A long time ago, in a galaxy far, far away. It was the time of self -service and the emergence of new entities called ‘chatbots’. Many were trying to get hold of the new technology and a few more trying to understand where it came from.
Apart from its intergalactic battles, light sabers and force-wielding Jedi – the Star Wars universe gave us two impressive bots – R2D2 and C3PO. They were an integral part of the saga and proved resourceful in helping their human masters save the day. Indeed, the concept of, ‘bots with a dash of artificial intelligence’ has been fascinating for many years. While by simple definition, a bot (or robot) is any machine that performs tasks replacing human effort, it is the advent of artificial intelligence that is kicking up a storm as we find ourselves at the cusp of redefining machine history. It is essential to understand that artificial intelligence is a vast concept that will impact various sectors in different ways but it has definitely arrived in the customer service arena with natural language understanding (NLU) in the form of chatbots.
Certainly, chatbots have raked up a storm of interest but amidst that fan-fare, we see many losing out on the critical element of bot design and how to use it for bringing out the best in their business.

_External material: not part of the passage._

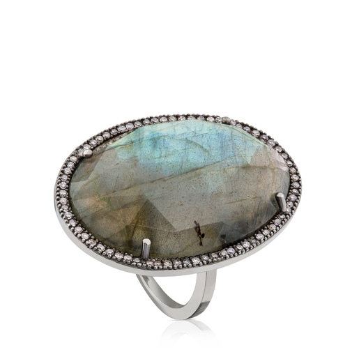 Anillo TOUS Dinah en plata de primera ley pavonada, diamantes ice y labradorita. Peso total: 0,42ct.

In one of my earlier posts, I had written about virtual assistants (a.k.a. bots) for contact centers, now called customer service chatbots. It’s also important to know what we should expect from these assistants and what would be the best design protocol of a good bot.
- It’s complicated? It is important that the customer and bot relationship remains simple. This basically means not offering too much at a time for the customer to experiment with. And as a result, not confusing the bot with an array of human behavioral attack. It would be best to start with simple interactions, keeping the bot language crisp ‘n clear and a clear defined logic. Gradually, as better adoption sense is gauged, one can move onto adding more complex features and service offers.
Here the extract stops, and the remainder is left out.